Rezension: Andy Weir: Der Marsianer [Kindle-Edition]

Cover: Andy Weir
Der Marsianer
Verlag: Heyne Verlag
Stell dir vor, auf einem lebensfeindlichem Planeten zurückgelassen worden zu sein, nachdem der Rest deines Forschungsteams dich für Tod gehalten hat. Du kannst dich ausschließlich von Kartoffeln ernähren und die einzige Möglichkeit der Zerstreuung, die dir zur Verfügung steht ist die schlimmste psychische Foltermethode aus dem Bereich Audiosmog, die es direkt nach Wham!s „Last Christmas“ und dem kompletten Hip-Hop-Genre gibt: Disko!

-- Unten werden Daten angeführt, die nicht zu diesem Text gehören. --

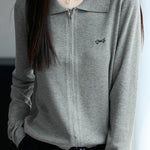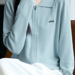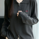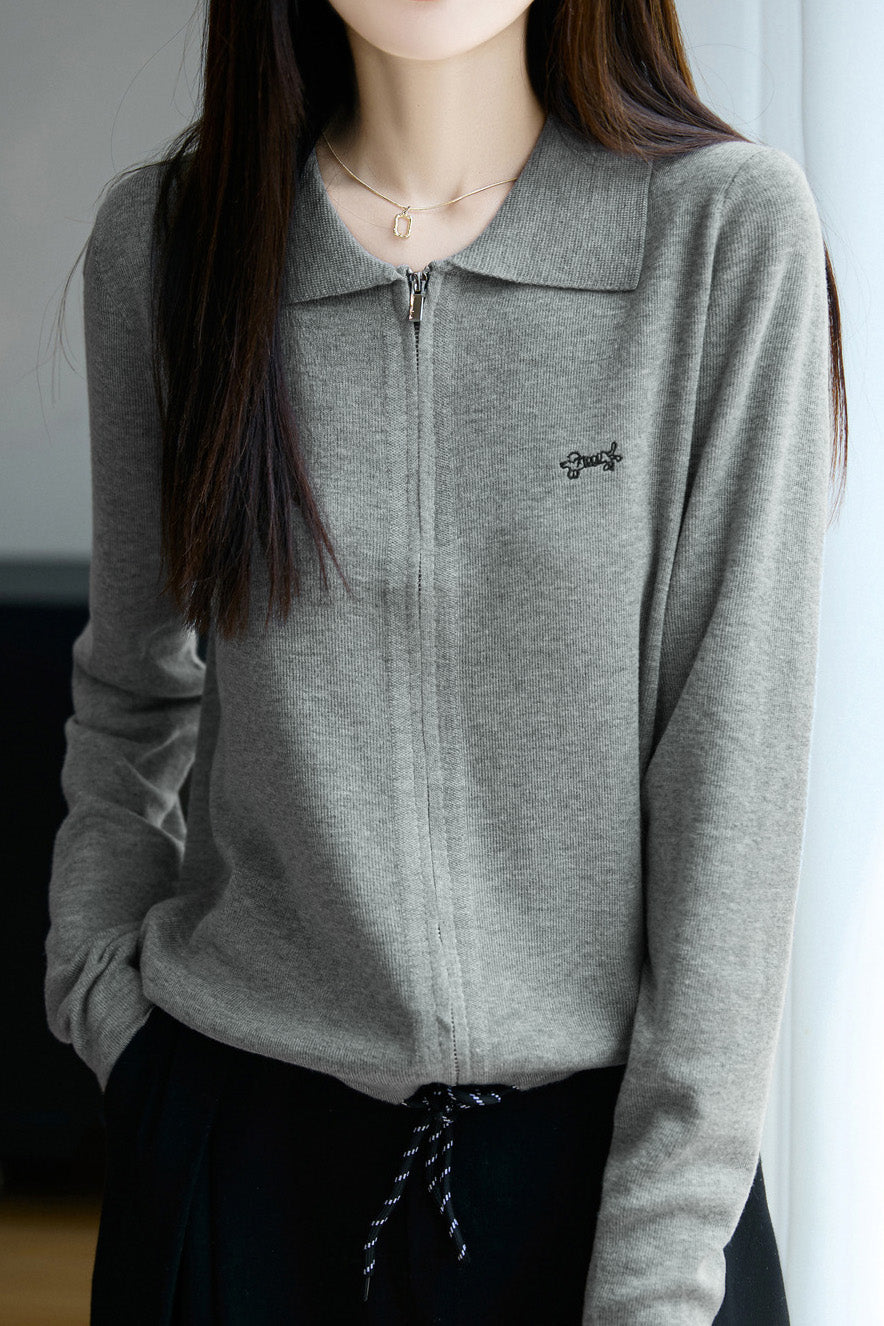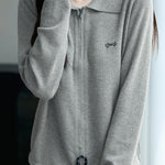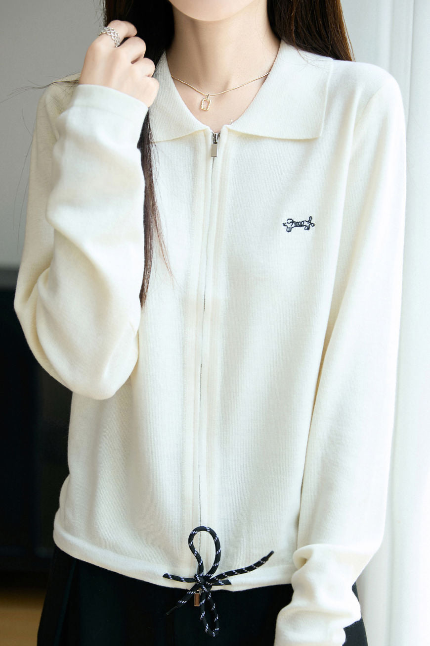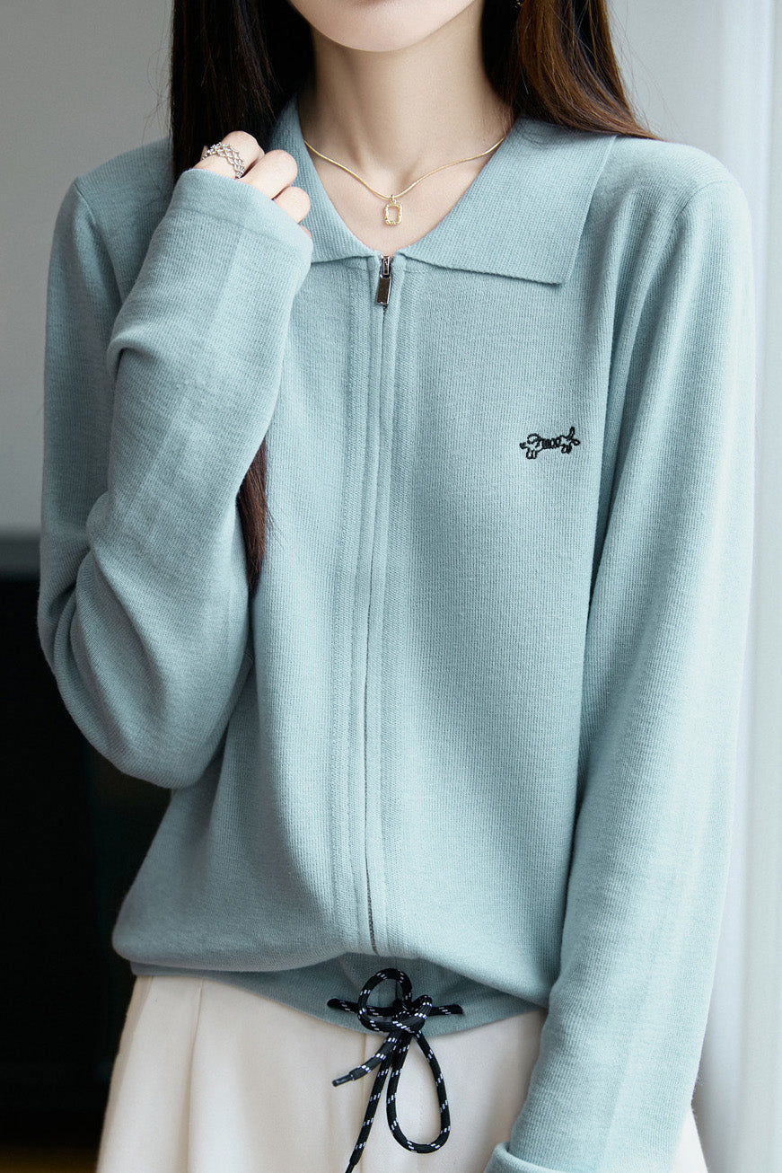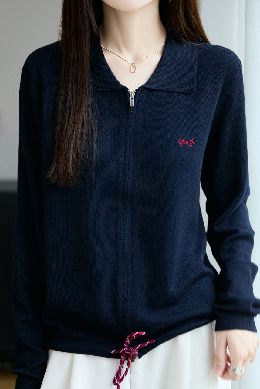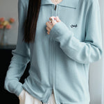 Casual Versatile Lapel Solid-Color Embroidered Zipper Knitted Cardigan
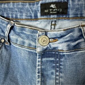 Experience timeless style with these Etro blue straight jeans, featuring a classic straight-leg cut and a vintage-inspired wash. The subtle variations in the blue denim add a touch of dimension, making them a versatile addition to any wardrobe. Perfect for casual outings, these jeans offer both comfort and a sophisticated look.
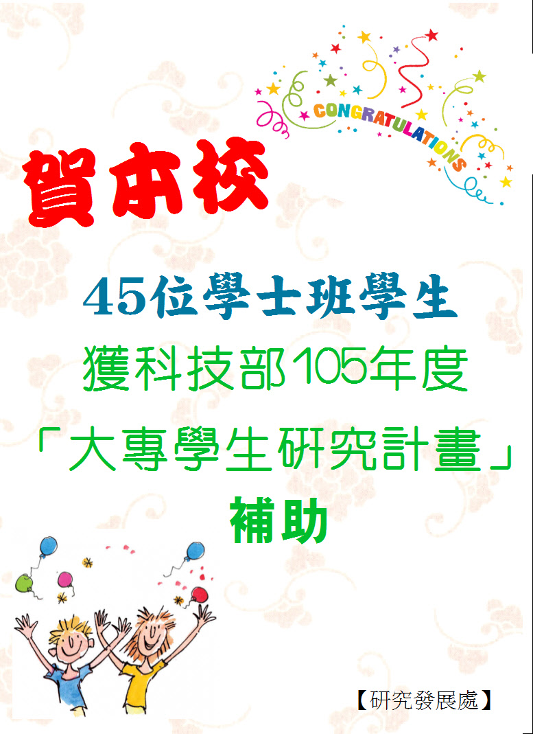 科技部日前公布105年度大專學生研究計畫核定名單,本校45位學士班學生獲得補助,通過率達49%,高於今年度科技部全國通過率43%,名單如下:
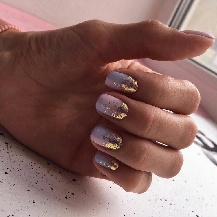 Стриманий блиск і вишуканість додасть нігтикам такий популярний уже кілька років елемент декору, як фольга. Вона чудово поєднується з різними техніками та прикрасами:
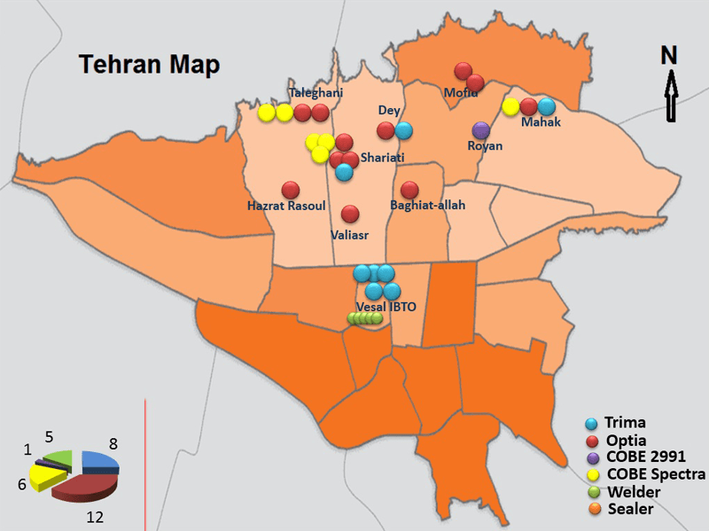 بيمارستان بقيه الله، بيمارستان دي، بيمارستان حضرت رسول، مرکز انتقال خون وصال، بيمارستان محک، بيمارستان کودکان مفيد، مرکز رويان، بيمارستان شريعتي، بيمارستان وليعصر، بيمارستان طالقاني
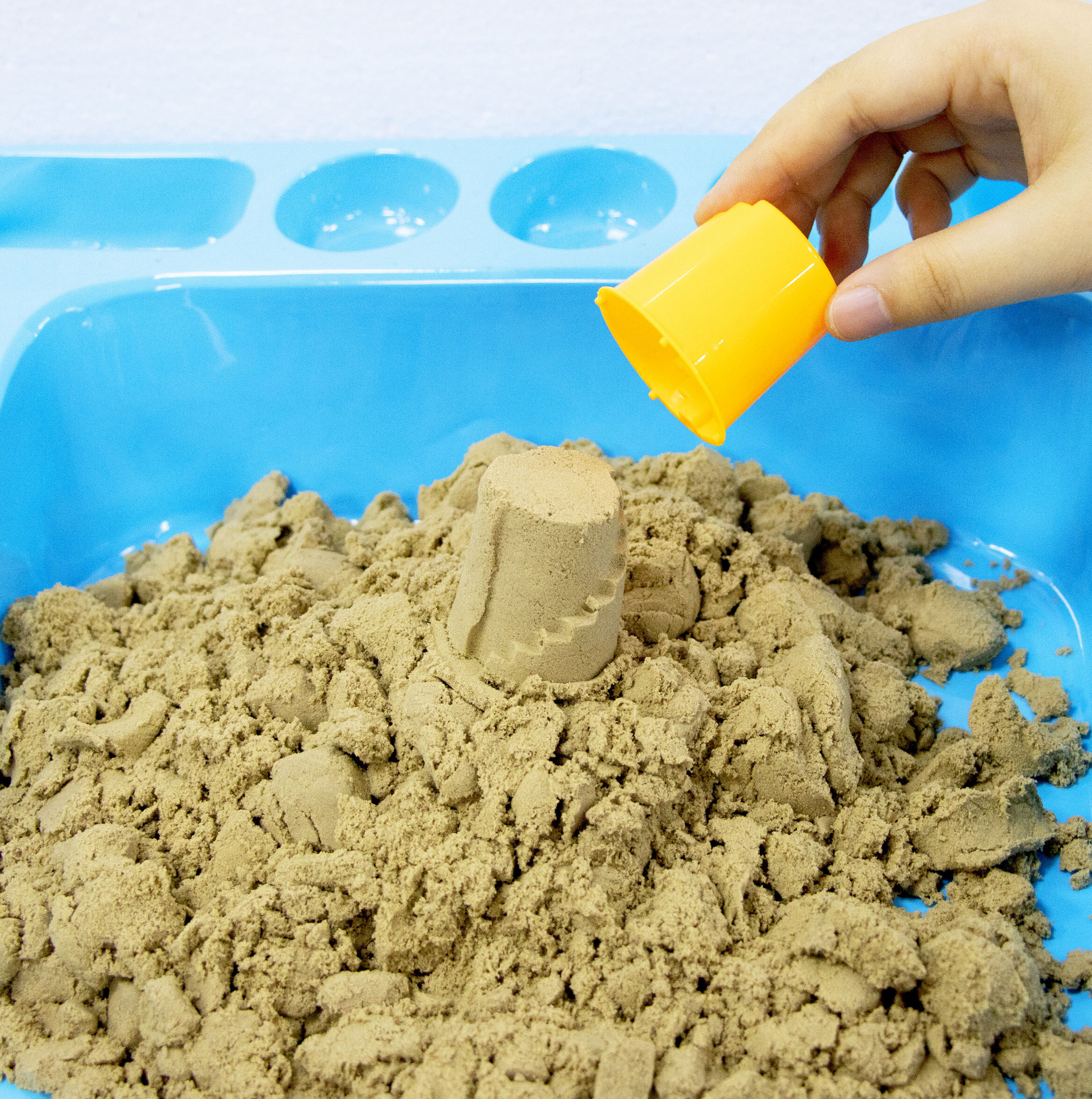 A kinetikus homokkal való játék fejleszti a finommotorikát, a kreatív képzelőerőt és a térbeli gondolkodást.
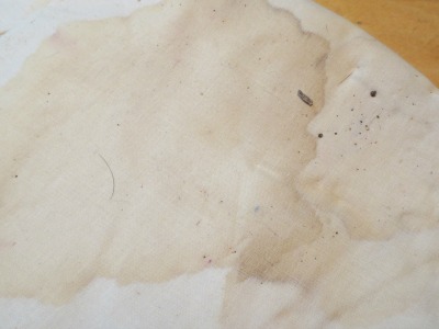 But lest you think it was all fun and games and good fortune, I encountered some “ick” factors too…stains, dead bugs, crusty bits, cat hair and a musty smell that started to make me a little sick. This piece of muslin, along with some other damaged pieces, quickly went back in the bag and were set outside to go in the garbage. Some things just aren’t worth trying to save.
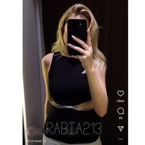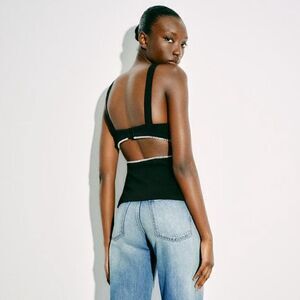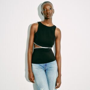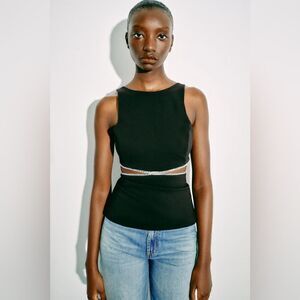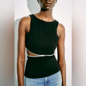 Fitted top with round neck and straps. Cut out detail and jewel appliqués. Tonal interior lining. Back metal hook and hidden in-seam side zip closure.

Das genau ist das Szenario, in dem sich der Astronaut Mark Watney auf dem Mars wiederfindet. Andy Weirs Roman „Der Marsianer“ beschreibt im groben Watneys Berichte über seinen Überlebenskampf auf dem Mars. Ich sage deshalb Bericht, weil der Orman sich in großen Teilen dem Genre des Tagebuch-Romans anrechnen lässt. Jenseits davon gibt es ein paar Meta-Erzählungen, die spezielle Ereignisse Beschrieben, welche Dinge spontan Änderns, die direkt auf dem Mars passieren. Darüber hinaus noch einige Szenen, die in der üblichen, dialogischen Erzählform geschrieben sind und sowohl Ausblicke auf die Erde, als auch auf das alltägliche Leben der Crew auf dem Rückweg, die glaubt, dass sie ein Team-Mitglied wahlweise verloren und/oder hintergangen haben.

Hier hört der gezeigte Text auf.